本文使用的相移估測演算法是PCA(principalcomponentanalysis) +LSM(least squares method),此方法是運用統計分析的主成分分析法的概念先將高相關係數的成分除掉降低維度,再找出特徵向量及特徵值即可得到優化後的相位分布,此步驟是先將全域的相位分布估出,而其內含的殘留誤差需藉由最小平方法疊代消除。此演算法沒有任何的背景和相移的限制,因此計算量非常低,可被用於具有非常大的圖像,且可隨機相移,但至少三步,可方便在無高精度儀器及環境干擾甚大的條件下操作,同時我們加入合成波長來增加縱向量測範圍,解決相位混淆的問題。
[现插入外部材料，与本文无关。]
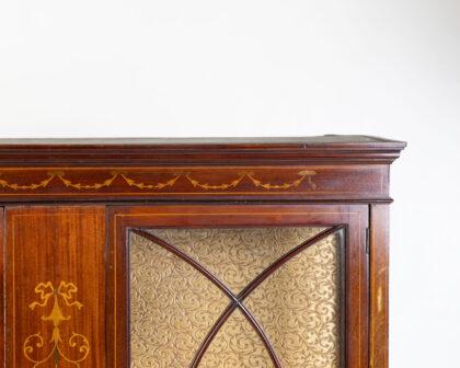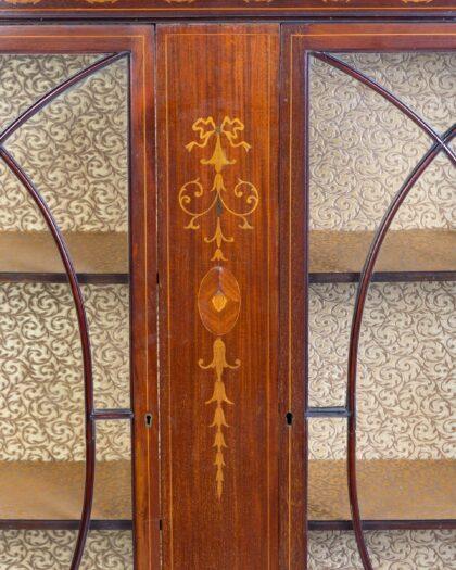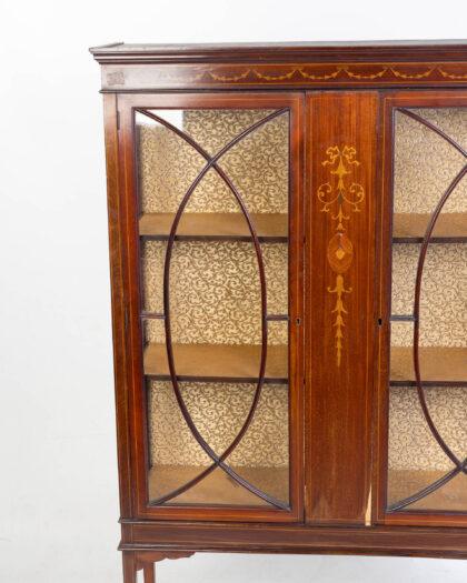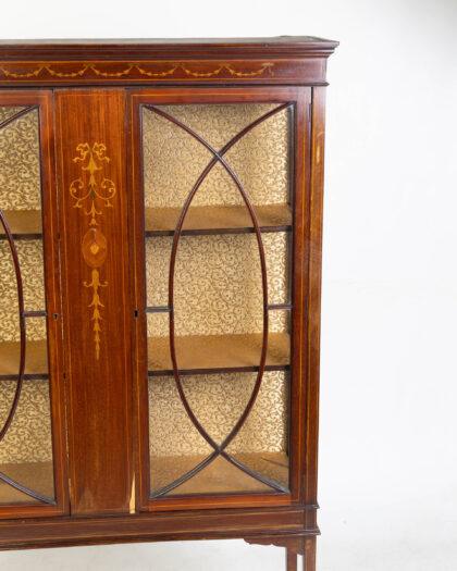 Antique mahogany display cabinet with inlaid details and glazed doors. Perfect for displaying collectibles. Some age-related wear.
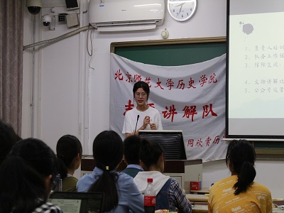 致辞环节结束后,原任讲解队队长刘铖同学简要回顾了本年度招新情况,对新成员的加入表示欢迎,同时宣布由2017级的田欣蕾同学接任讲解队新一年的队长。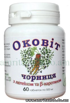 Состав: переработанные и высушенные плоды моркови посевной, черники; листья брусники, цветки календулы, лютеин, витамины С, Е, В6, В2, В1.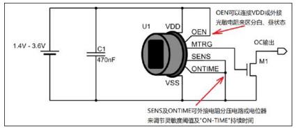 上圖是內(nèi)置M9401芯片的智能型熱釋電傳感器的最小工作系統(tǒng),在熱釋電數(shù)字探頭內(nèi)部集成了全新的智能型PIR信號(hào)調(diào)理芯片M9401。傳感器的靈敏度以及ONTIME的值可以在這兩個(gè)引腳上設(shè)計(jì)電阻分壓器或者是電位器,通過調(diào)節(jié)這些硬件電路來調(diào)整傳感器的不同工作狀態(tài)。另外,OEN引腳可以外接光敏電阻來控制傳感器在白天、晝夜的環(huán)境中交替工作。相比之前的智能數(shù)字探頭,采用M9401芯片的探頭功耗大大降低,同時(shí),其所具備的自檢功能可滿足探頭廠家的半成品自動(dòng)檢測(cè),節(jié)約了后續(xù)的檢測(cè)工序成本。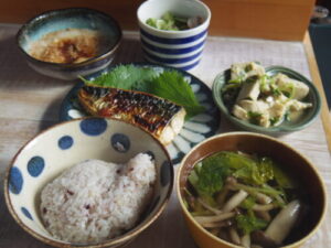 雑穀ご飯、鯖の塩麹漬け焼き、とろろ、高野豆腐と三つ葉の卵とじ、キュウリとカニカマの酢の物、三つ葉とシメジの澄まし汁。とろろご飯と塩サバの組み合わせが大好きなので、久々に食べられて満足。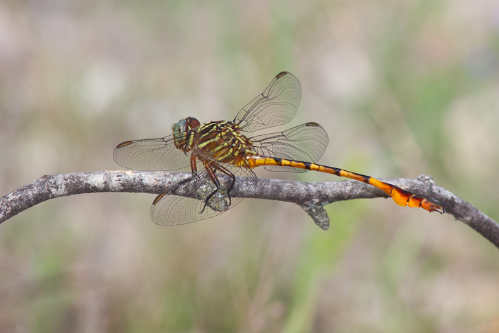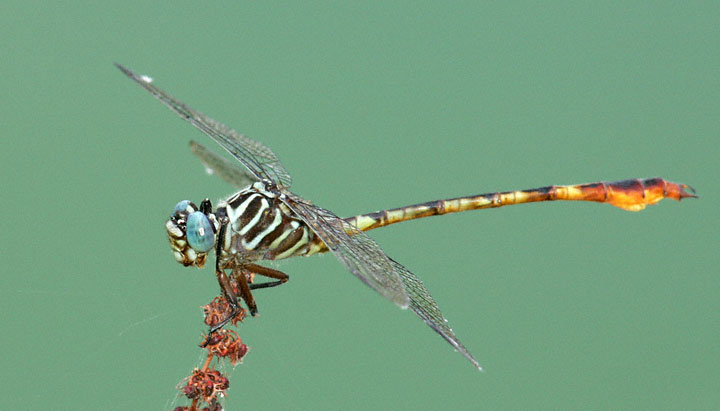 The male Narrow-striped Forceptail shown here was at Cook's Slough in Uvalde Co., Texas, in July, 2010. A Canon EOS 1D Mark IV and an EF 300mm F/4 L IS lens and 2X extender and 580 flash was used to take this shot. |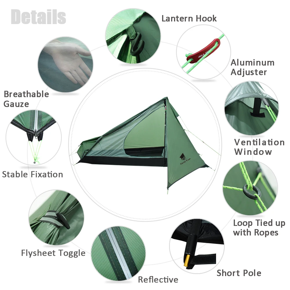 .image of GeerTop Ultralight Camping Tent One Person 3 Season Waterproof 950g Backpacking Tents No Trekking P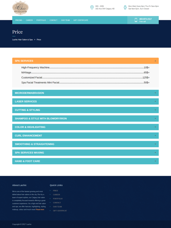 Lachic Hair Salon offer price list of services. We provide Spa services, laser services, hair salon, microdermabrasion, cutting & styling, curl enhancement and hand & foot care services in Calgary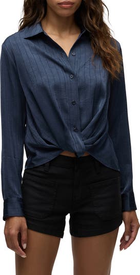 A knotted front adds a touch of playful charm to this button-down shirt cut from softly crinkled fabric.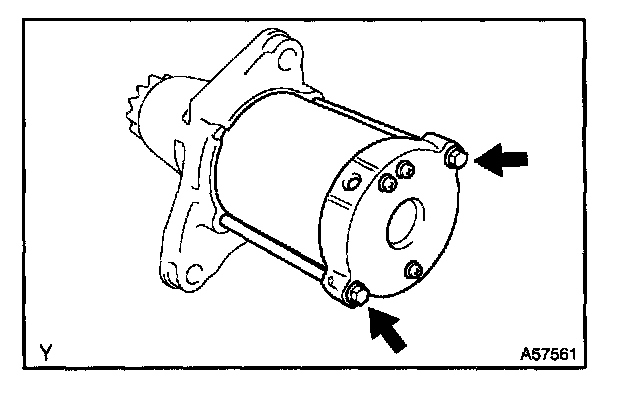 b. Remove the 2 through bolts, and pull out the starter yoke assy together with the commutator end frame assy.

我們使用matlab建立PCA+LSM演算法,並藉由模擬和實驗驗證。在模擬部分,我們建立斜平面利用PCA+LSM演算法還原真實高度,從模擬結果來看,此演算法可得到約0.1rad誤差的相移值,並且可有效地還原真實高度。而實驗方面,本文使用USAF 1951 target進行驗證,經由白光干涉儀測試後,此試片高度約50奈米,實驗發現依照傳統PCA+LSM演算法只進行一次疊代,其重建後效果不佳,雜訊干擾影響甚大,約有30奈米的波浪紋,但還原後高度約50奈米,與白光干涉儀所測式的高度相符。本文加入收斂條件進行疊代並改良演算法,有效地減低雜訊干擾及縮短估測時間將波浪紋減低制約10奈米左右,還原後的高度仍50奈米左右。我們同時也將隨機三步相移法應用在合成波長上,解決相位解纏的問題,重建影像,由實驗驗證後發現,仍有殘留的雜訊干擾,重建精度沒有相位展開法好。
由於我們使用的是時間相位估測,其容易受到外在因素影響,如環境振動干擾、PZT磁滯使得相移位置無法精確到達,雖以軟體法是校正,但仍有雜訊干擾,未來可往空間相位估測演算法研究,和時間相位估測進行比較,將受外在因素干
擾的雜訊消除又不犧牲影像精度。在合成波長重建影像方面,仍有雜訊殘留,可來可望以演算法或軟體式濾波方式改善,將殘留的雜訊消除。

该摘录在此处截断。